Every few hours, she draws a tiny dose of the liquid into an eye-dropper and squirts it underneath her tongue.

While not bedridden, she stays in bed most of most days now and rarely leaves the apartment she rents in a Southwest Portland assisted-living center. It has been weeks since she ate anything like a meal — more than a few bites of yogurt, a slice of melon or a spoonful of black beans out of a can.

One surprise, for Lovelle, has been the accelerating pace of time running out. “I thought I’d make it to October,” she said Monday. “Now I doubt it.”

She scheduled a November visit to the dentist, even though both sides of the transaction knew she’d be unlikely to make it that far.

A second surprise: Her deepest physical fear of death has changed.

“It’s not my breathing; it’s my swallowing,” she says “It’s happening differently than I expected.”

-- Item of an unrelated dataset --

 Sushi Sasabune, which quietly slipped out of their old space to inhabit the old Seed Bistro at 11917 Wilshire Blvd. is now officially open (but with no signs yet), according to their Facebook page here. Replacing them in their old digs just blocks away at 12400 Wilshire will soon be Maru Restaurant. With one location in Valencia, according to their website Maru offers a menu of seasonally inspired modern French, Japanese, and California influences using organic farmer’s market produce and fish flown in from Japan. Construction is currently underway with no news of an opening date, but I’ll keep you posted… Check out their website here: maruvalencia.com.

Lovelle’s doctor warned her in early June that she probably would die within six months. That made her eligible to request what some call a doctor-assisted suicide and others call hastened death. During the 10 years since the Oregon law took effect, at least 292 terminally ill Oregonians have ended their lives by taking a prescribed overdose.

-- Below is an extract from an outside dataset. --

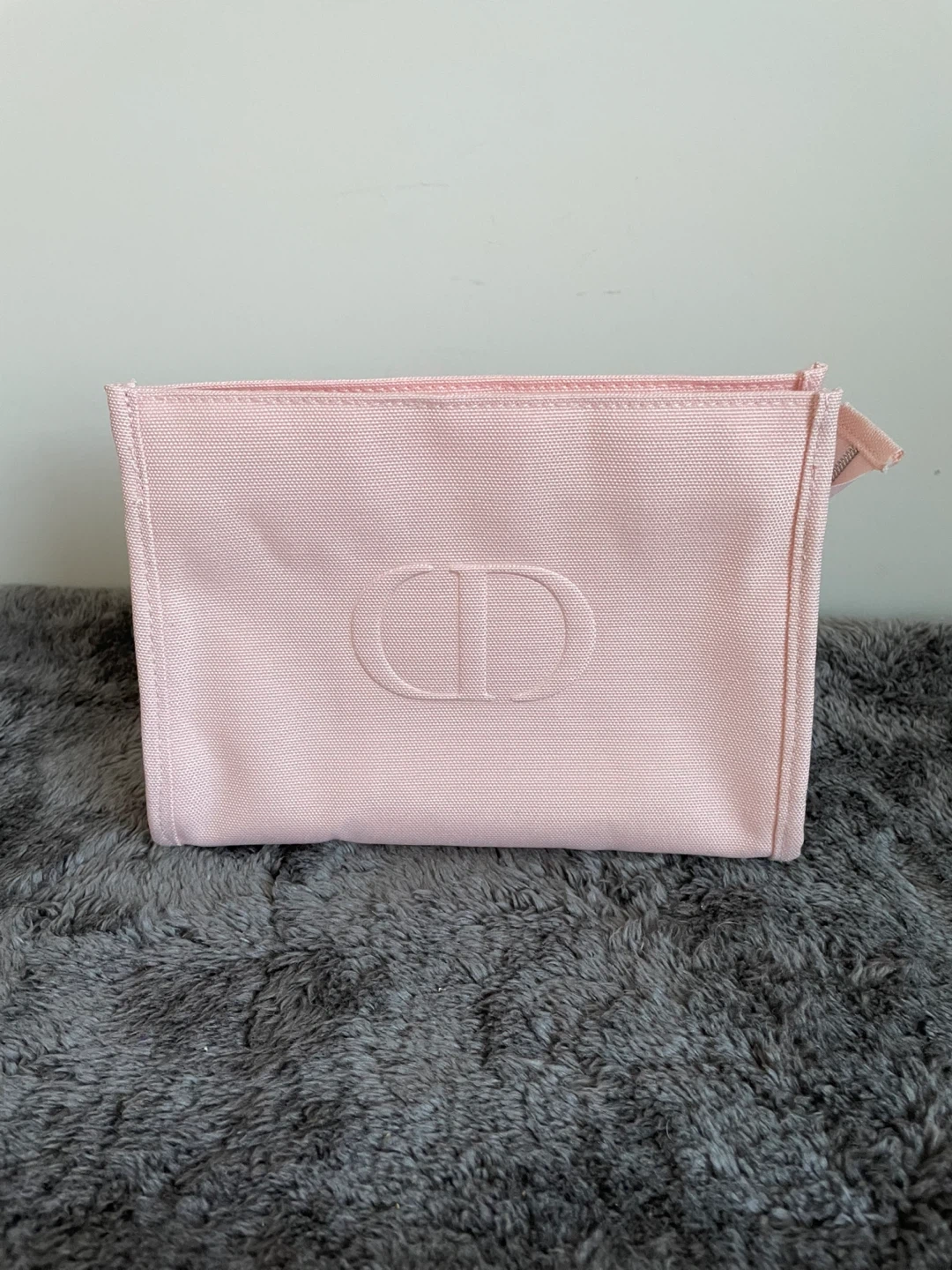 This is a light pink Christian Dior pouch. It's made of canvas material. It's a nice size for carrying essentials.

Although Lovelle filled her prescription, she had been unsure whether she would actually take the drug. She saw it as a kind of figurative tranquilizer, something she could use as a last resort if she met with unbearable pain or started gasping for breath.

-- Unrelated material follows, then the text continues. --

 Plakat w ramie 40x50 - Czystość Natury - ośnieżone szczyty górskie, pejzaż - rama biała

But now, with her symptoms intensifying as the cancer spreads from her lungs throughout her chest cavity, she has edged toward a more resolute choice to take the life-ending drug. That possibility has evolved into a probability, she said this week.

“There’s no creativity,” she says. “There’s no fun. There’s really not a whole lot of reason to be alive anymore.”

This week, she occasionally lapsed into talking about herself in the past tense.

Her eyes are increasingly sensitive to daylight, she says, and sometimes she sees shadowy shapes — “like an animal or person” — moving across her line of sight. Even with her thinking intact, her memory is slipping, and she says she finds it increasingly hard to call up common words.

How does a self-described control freak — “that’s me,” Lovelle says — deal with the ultimate loss of control: impending death?

Partly, in her case, by continuing her obsessive planning and attention to detail. Her will is complete, her financial affairs in order, the cremation of her body arranged. Her apartment is “decorated” with yellow stick-on notes identifying who gets various belongings after she dies.

“It’s not as much the death itself; it’s really the things around it,” she says. “Like: Is everything going to work the way it should? Will all the pieces be in place?”

Including this piece: If she choose to end her life under the Oregon law, will she be able to swallow the drug? It is illegal for anyone to help the person lift the glass or get the liquid down.

From time to time, Lovelle tests herself by trying to swallow two-thirds of a glass of water in less than a minute. That’s roughly what it would take for her to ingest enough of the potion to put her into a coma and end her life.

In many ways, Lovelle’s tendency toward planning and detail are not unlike others who have requested a life-ending prescription. The typical such person has a “strong and vivid” personality characterized by “determination and inflexibility,” according to a 2003 study of doctors by researchers at Oregon Health & Science University.

Doctors reported finding such people “both challenging and likable.” They described them as “interesting, memorable, unusual, likable, amazing, passionate, eccentric and self-involved, but also as crusty, reclusive, demanding or solitary odd ducks whose views did not always mesh with the philosophy of hospice.”

Lovelle says her outspoken, personal account of her own dying, including her decision-making at the end of her life, has been less burdensome for her than for her family, including her 90-year-old mother and three siblings.

“I chose to do this,” she says. “They didn’t choose it.

“They’re going along with me. They support me, but it’s not a matter of their being real thrilled that I’m doing this.”